А оказавшись первый раз в большом городе, например в столице, они целыми днями будут носиться от одного памятника старины к другому, они выстоят трехчасовую очередь в Мавзолей и купят с рук билет на оперу в Большой, они с ошалелыми от удивления глазами обегают Третьяковку, и их занесет на цыган в «Ромэн» или на какие-нибудь состязания силачей. А к часу ночи, когда ног под собою не чуешь, они прошмыгнут под носом у милиционера, приставленного охранять в станционных тупиках электрички, проникнут-таки в одну из них, и голая скамейка покажется им периной из самого мягкого, из лебяжьего пуха. В четыре утра придет служба и, для порядку незлобиво поворчав, благословит их на новую беготню по огромному городу…

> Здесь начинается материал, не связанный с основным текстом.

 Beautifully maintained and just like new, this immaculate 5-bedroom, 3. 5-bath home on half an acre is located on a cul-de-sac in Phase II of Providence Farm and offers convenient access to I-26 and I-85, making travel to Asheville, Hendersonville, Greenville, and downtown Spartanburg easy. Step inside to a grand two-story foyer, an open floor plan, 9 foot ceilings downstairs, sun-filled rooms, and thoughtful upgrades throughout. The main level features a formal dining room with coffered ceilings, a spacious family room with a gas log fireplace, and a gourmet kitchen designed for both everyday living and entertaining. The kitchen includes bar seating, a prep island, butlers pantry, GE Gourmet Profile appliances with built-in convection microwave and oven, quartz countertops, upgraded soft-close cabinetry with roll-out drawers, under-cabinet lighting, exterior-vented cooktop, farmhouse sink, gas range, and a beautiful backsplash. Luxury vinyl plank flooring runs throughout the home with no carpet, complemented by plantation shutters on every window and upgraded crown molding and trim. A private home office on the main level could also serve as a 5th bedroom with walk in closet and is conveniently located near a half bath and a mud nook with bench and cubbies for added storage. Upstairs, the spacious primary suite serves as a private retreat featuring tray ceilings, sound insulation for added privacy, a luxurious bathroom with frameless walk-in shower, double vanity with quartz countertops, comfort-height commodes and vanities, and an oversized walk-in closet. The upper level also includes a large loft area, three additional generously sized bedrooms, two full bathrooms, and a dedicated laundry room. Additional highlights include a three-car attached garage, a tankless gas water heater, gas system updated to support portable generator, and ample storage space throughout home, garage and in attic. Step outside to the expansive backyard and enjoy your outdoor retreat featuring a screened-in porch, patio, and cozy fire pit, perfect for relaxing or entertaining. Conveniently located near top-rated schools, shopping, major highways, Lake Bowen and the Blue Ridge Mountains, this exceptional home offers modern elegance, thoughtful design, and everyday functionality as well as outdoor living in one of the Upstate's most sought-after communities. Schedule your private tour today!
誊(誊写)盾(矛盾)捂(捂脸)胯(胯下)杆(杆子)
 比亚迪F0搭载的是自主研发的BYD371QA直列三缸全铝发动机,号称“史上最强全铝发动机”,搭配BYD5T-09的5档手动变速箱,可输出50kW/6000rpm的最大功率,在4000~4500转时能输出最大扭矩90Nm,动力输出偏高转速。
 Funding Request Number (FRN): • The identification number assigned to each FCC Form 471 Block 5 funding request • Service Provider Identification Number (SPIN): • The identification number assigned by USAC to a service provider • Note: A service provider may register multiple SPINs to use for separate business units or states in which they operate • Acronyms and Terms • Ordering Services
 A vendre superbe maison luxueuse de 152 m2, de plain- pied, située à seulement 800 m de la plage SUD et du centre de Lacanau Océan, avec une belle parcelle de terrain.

…Мне за тридцать уже, а вдумайся, закрой глаза – и вот оно, твое детство. Оно всегда рядышком, где-то в полушаге. Коротка, до обидного быстротечна жизнь человека, и надо постараться прожить ее красиво. В моем понимании красиво прожить жизнь – это чем-нибудь: улыбкой ли, добрым словом или хотя бы удачной строкой – приносить радость другим.